» **Available records**:
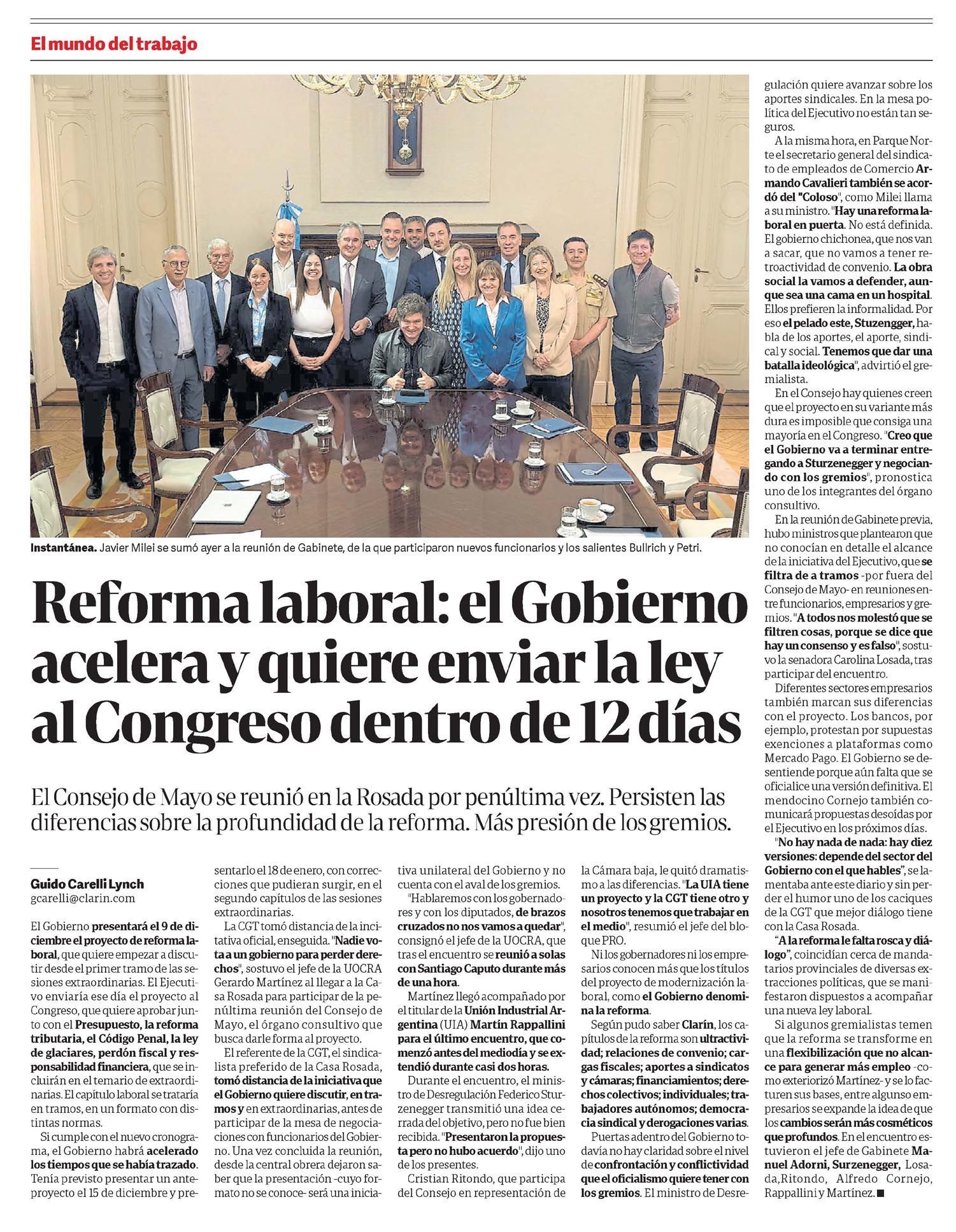 CLARÍN – Reforma laboral: el Gobierno acelera y quiere enviar la ley al Congreso dentro de 12 días
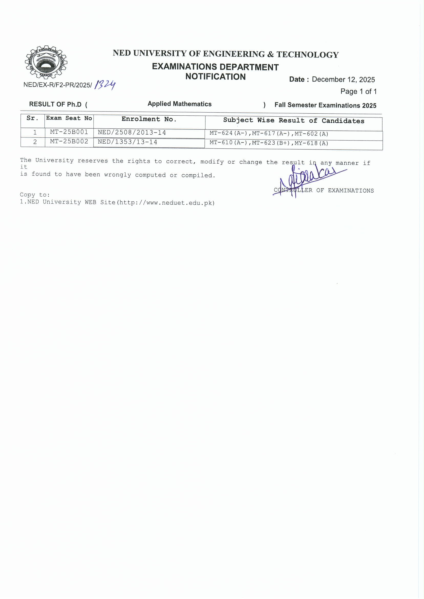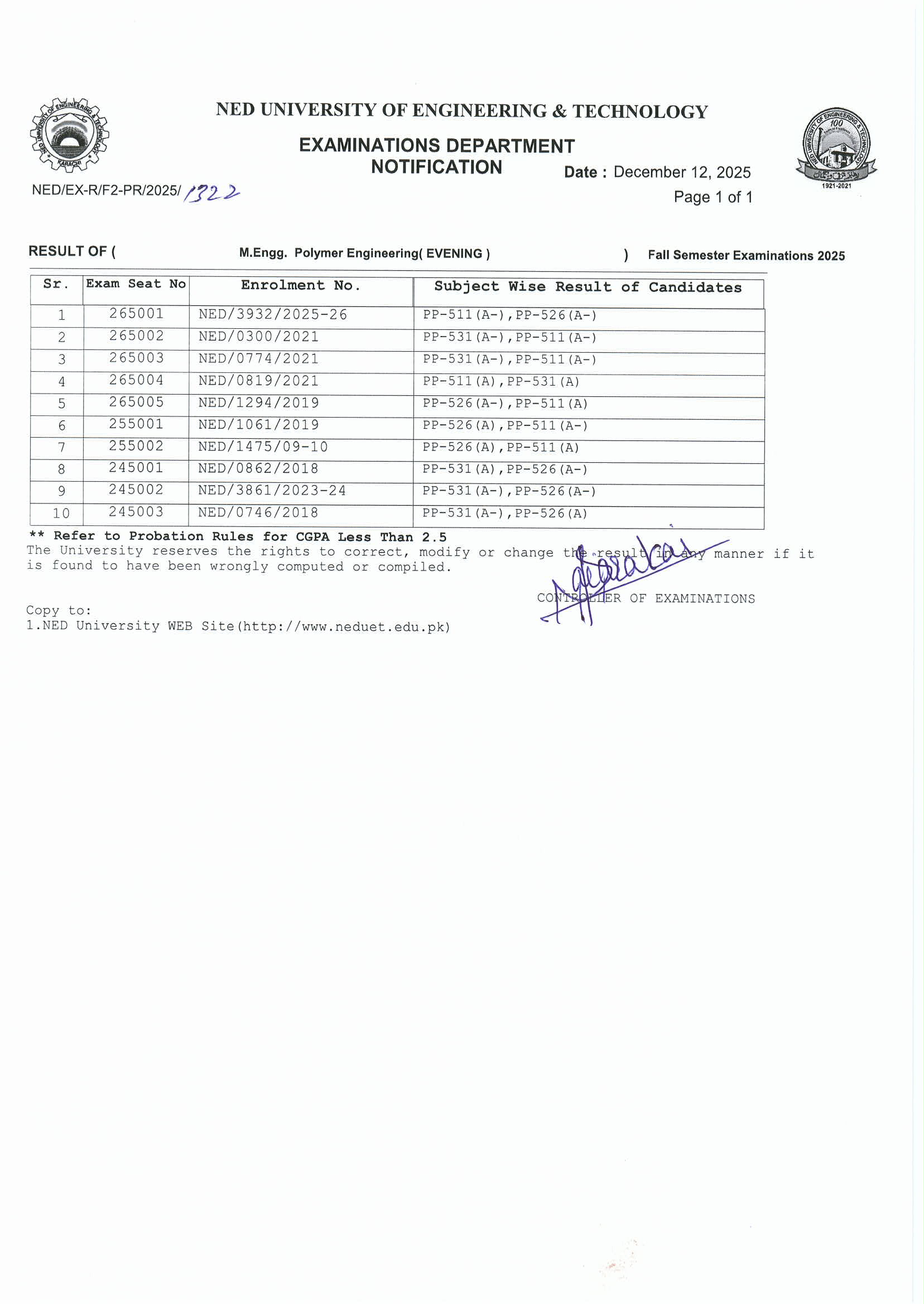 | POSTGRADUATE RESULTS (FALL SEMESTER 2025) |
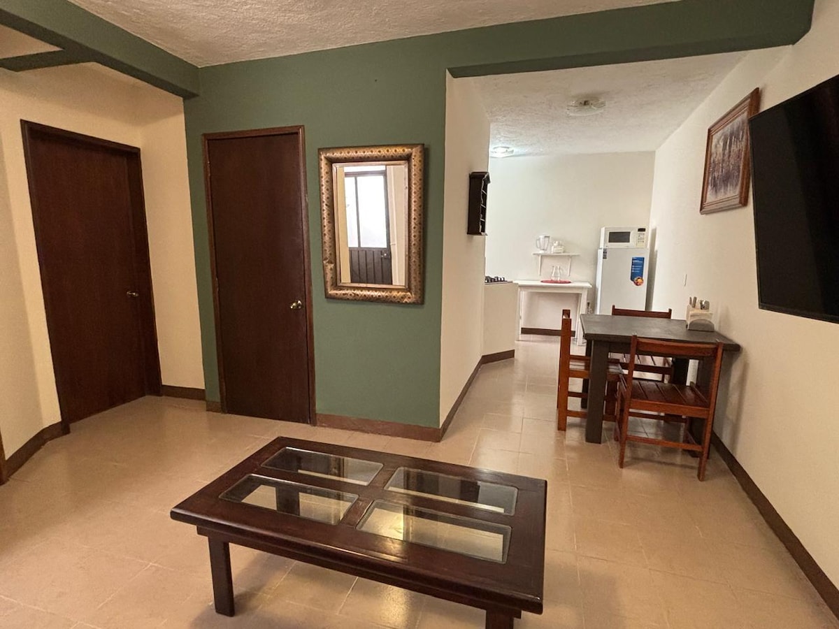 Este es un departamento moderno, privado con una ubicación perfecta—a 15 minutos del centro caminando y 5 en taxi. Es un loft abierto y luminoso en el tercer piso equipado con sala, cocina, recamara y baño completo. Comparte su acceso con un café en la planta baja, pero la entrada es completamente independiente. Este lugar es perfecto para huéspedes independientes y también para los que gustan de un toque de hospitalidad.
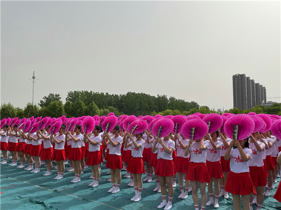 開幕式還舉行了彩扇舞、啦啦操、中國功夫、歌曲等文體表演。其中,彩扇舞《盛世花開》,由該校文化教育學(xué)院300名女生手持彩扇,跟隨著不同的音樂節(jié)奏變換著不同的色彩與隊形,依次拼出由鐮刀和錘頭組成的中國共產(chǎn)黨黨徽、象征體育精神的奧運五環(huán)、“慶祝建黨100周年”、“周職20周年校慶”等圖形和字樣,表達著對黨的熱愛和對學(xué)校的祝福。表演者王真真說:“大家協(xié)同配合才能把節(jié)目表演好,這個節(jié)目我們排練了一個多月。雖然很辛苦,但是看到節(jié)目順利演出,感到很有成就感?!?/p>
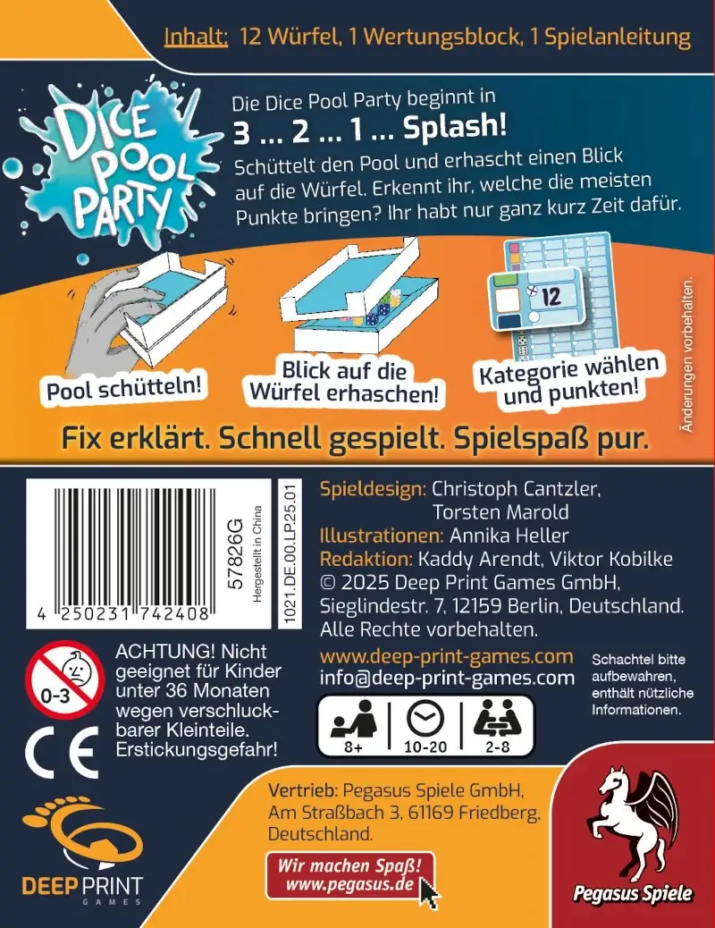 Die Dice Pool Party startet in 3 … 2 … 1 … Splash! Die Spielenden schütteln den Pool und müssen dann genau hinschauen und sich merken, was die Würfel zeigen. Aber Achtung: Dafür haben sie nur wenige Sekunden Zeit dafür! Dann wählen sie noch eine Kategorie, die ihnen viele Punkte bringt und ruckzuck können sie in einem Meer aus Punkten baden – doch Vorsicht: Jede*r kann jede Kategorie nur ein einziges Mal werten!

» **Requirement**: Quote all the records verbatim, dropping any pictures from your copy.

» **Written response**:
 CLARÍN – Reforma laboral: el Gobierno acelera y quiere enviar la ley al Congreso dentro de 12 días
 | POSTGRADUATE RESULTS (FALL SEMESTER 2025) |
 Este es un departamento moderno, privado con una ubicación perfecta—a 15 minutos del centro caminando y 5 en taxi. Es un loft abierto y luminoso en el tercer piso equipado con sala, cocina, recamara y baño completo. Comparte su acceso con un café en la planta baja, pero la entrada es completamente independiente. Este lugar es perfecto para huéspedes independientes y también para los que gustan de un toque de hospitalidad.
 開幕式還舉行了彩扇舞、啦啦操、中國功夫、歌曲等文體表演。其中,彩扇舞《盛世花開》,由該校文化教育學(xué)院300名女生手持彩扇,跟隨著不同的音樂節(jié)奏變換著不同的色彩與隊形,依次拼出由鐮刀和錘頭組成的中國共產(chǎn)黨黨徽、象征體育精神的奧運五環(huán)、“慶祝建黨100周年”、“周職20周年校慶”等圖形和字樣,表達著對黨的熱愛和對學(xué)校的祝福。表演者王真真說:“大家協(xié)同配合才能把節(jié)目表演好,這個節(jié)目我們排練了一個多月。雖然很辛苦,但是看到節(jié)目順利演出,感到很有成就感?!?/p>
 Die Dice Pool Party startet in 3 … 2 … 1 … Splash! Die Spielenden schütteln den Pool und müssen dann genau hinschauen und sich merken, was die Würfel zeigen. Aber Achtung: Dafür haben sie nur wenige Sekunden Zeit dafür! Dann wählen sie noch eine Kategorie, die ihnen viele Punkte bringt und ruckzuck können sie in einem Meer aus Punkten baden – doch Vorsicht: Jede*r kann jede Kategorie nur ein einziges Mal werten!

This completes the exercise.